The unit pixel includes an organic thin film transistor M1 as a switching element and a diode D1 as a leakage current blocking element. The first organic thin film transistor M1 and the diode D1 are connected in series. The organic thin film transistor M1 selected by the nth scan line serves as a switching element for transmitting a data signal, and the diode D1 stores the data signal switched and transmitted by the organic thin film transistor M1. To pass). In addition, when the organic thin film transistor M1 is turned off, the diode D1 serves as a leakage current blocking unit to prevent leakage of charges accumulated in the storage capacitor Cst.

In addition, the unit pixel includes a storage capacitor Cst that maintains a data signal transmitted through the diode D1 for a predetermined time when the organic thin film transistor M1 is selected.

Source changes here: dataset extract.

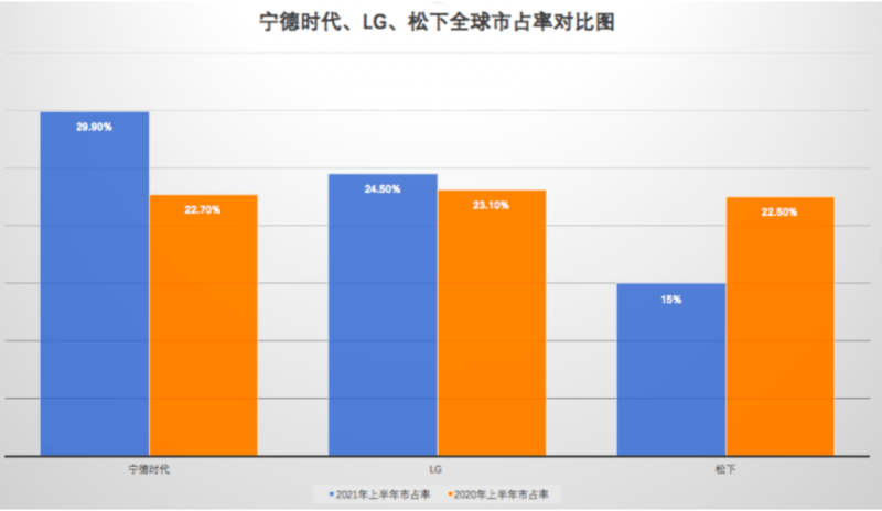 LG能源的營收優(yōu)勢來自于業(yè)務(wù)劃分,但LG能源電池產(chǎn)品對寧德時代的威脅卻真實存在。2020年上半年,LG能源的動力電池裝機量一度超過寧德時代,LG能源、寧德時代、松下三大電池供應(yīng)商裝機量幾乎不分伯仲。

In addition, the unit pixel includes an electrophoretic light emitting device Ceq that emits reflected light corresponding to the data signal. In the electrophoretic light emitting device Ceq, charged particles are dispersed in a dispersion medium between upper and lower electrodes and upper and lower electrodes. The charged particles have a white color, for example, so that the viewer can see the light reflected by the charged particles through the front substrate according to the position of the charged particles in the dispersion medium. Alternatively, the electrophoretic light emitting device Ceq may include a plurality of charged particles having a plurality of colors, for example, first charged particles having a white color and second charged particles having a black color and charged with a different charge from the first charged particles. When a predetermined electric field is applied and the first charged particles are agglomerated in the front substrate direction, the viewer can see the reflected light of white color, and a black screen is displayed when the reverse electric field is applied and the second charged particles are agglomerated in the front substrate direction. It may be a device that an observer can identify.

The connection relationship and driving method of the electrophoretic display device as described above will be described in detail below. Hereinafter, each signal is exemplified to be applied at a voltage level.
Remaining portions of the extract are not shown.